Contempló cómo la furgoneta policial aceleraba hacia la valla que tenía delante. La fuerza del impacto fue suficiente para reventarla, dejando la combada barrera de metal medio abierta y colgando, sujeta sólo por una testaruda bisagra. Croft dio marcha atrás unos metros y después aceleró de nuevo hacia delante, esta vez aplastando el portón hacia un lado y penetrando directamente en el campo de fútbol. El médico dio la vuelta a la furgoneta trazando un amplio arco y contempló nervioso cómo empezaban a llegar los cuerpos. Algunos consiguieron deslizarse por el hueco, los cascarones pútridos de otros muchos se precipitaron sobre la alambrada alrededor de todo el perímetro del campo de fútbol.

—Esto va a ser duro —comentó Steve mientras alineaba el camión y pasaba a través del espacio en el que había estado la puerta de metal. Como conductor experimentado, consiguió que los laterales del vehículo evitaran la valla con poco más de unos centímetros a cada lado.

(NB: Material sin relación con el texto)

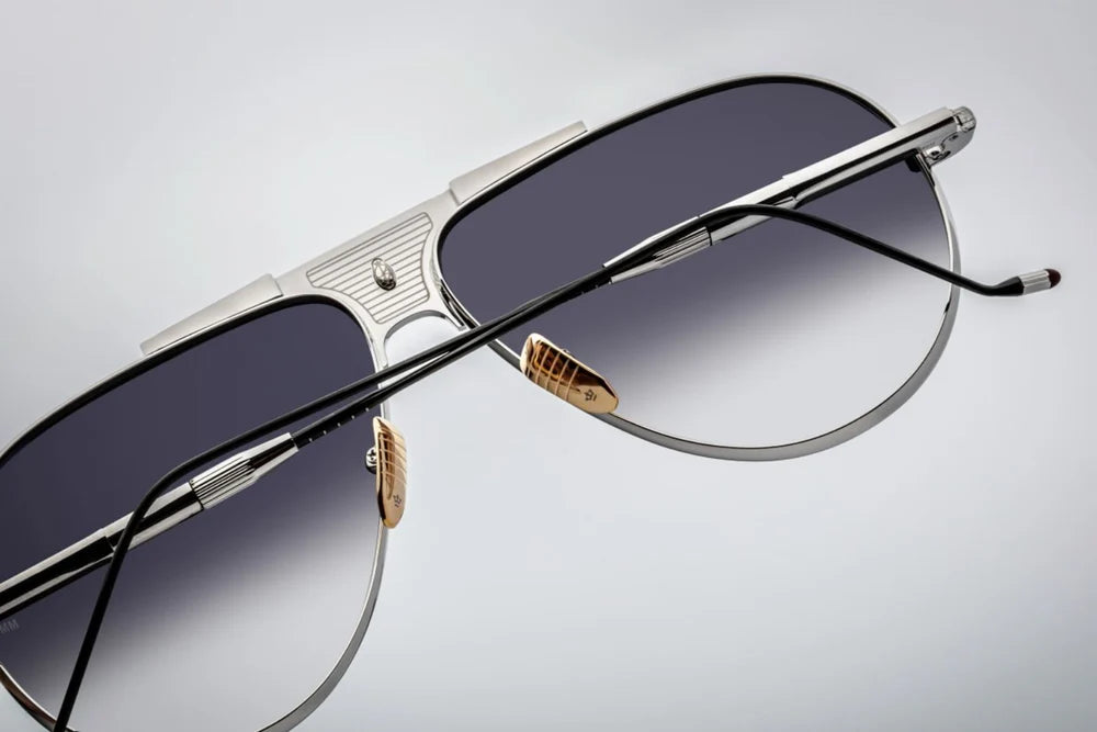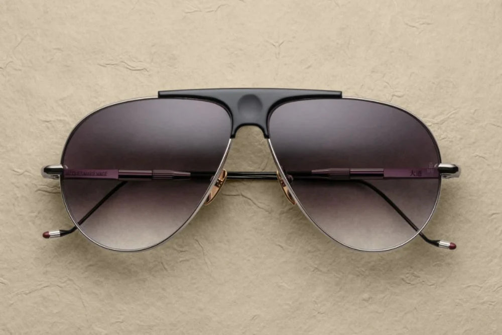 The first titanium expression to emerge from the KYOSHO series, these limited-edition aviators with deep teardrop lenses and extendable temples feature a unique bridge with an elegant circular depression, Art Deco-inspired hairline details, and our brand insignia. Follow your wandering, world-wise gaze beyond what persists and uncover all the potent possibilities that may (or may not) exist.

Ver que el primer camión había entrado en el campo de fútbol sin un rasguño otorgó a Paul Castle una fe inmerecida en sus propias habilidades como conductor. Forzó el avance el camión más pequeño y se estremeció cuando el lado del pasajero pasó arañando el poste de entrada, doblándolo aún más.

En cuanto los tres vehículos se encontraron seguros dentro del campo de fútbol, Croft aceleró de nuevo y detuvo la furgoneta tapando toda la anchura de la entrada, bloqueando el acceso a cientos de cadáveres tambaleantes que se seguían arrastrando hacia los supervivientes. Steve Armitage aparcó el vehículo en el centro del campo atravesando el círculo central. Después de conducir de un lado a otro y aplastar a los más o menos quince cuerpos que habían conseguido penetrar en el terreno de juego al entrar los vehículos, Paul Castle se situó a su lado.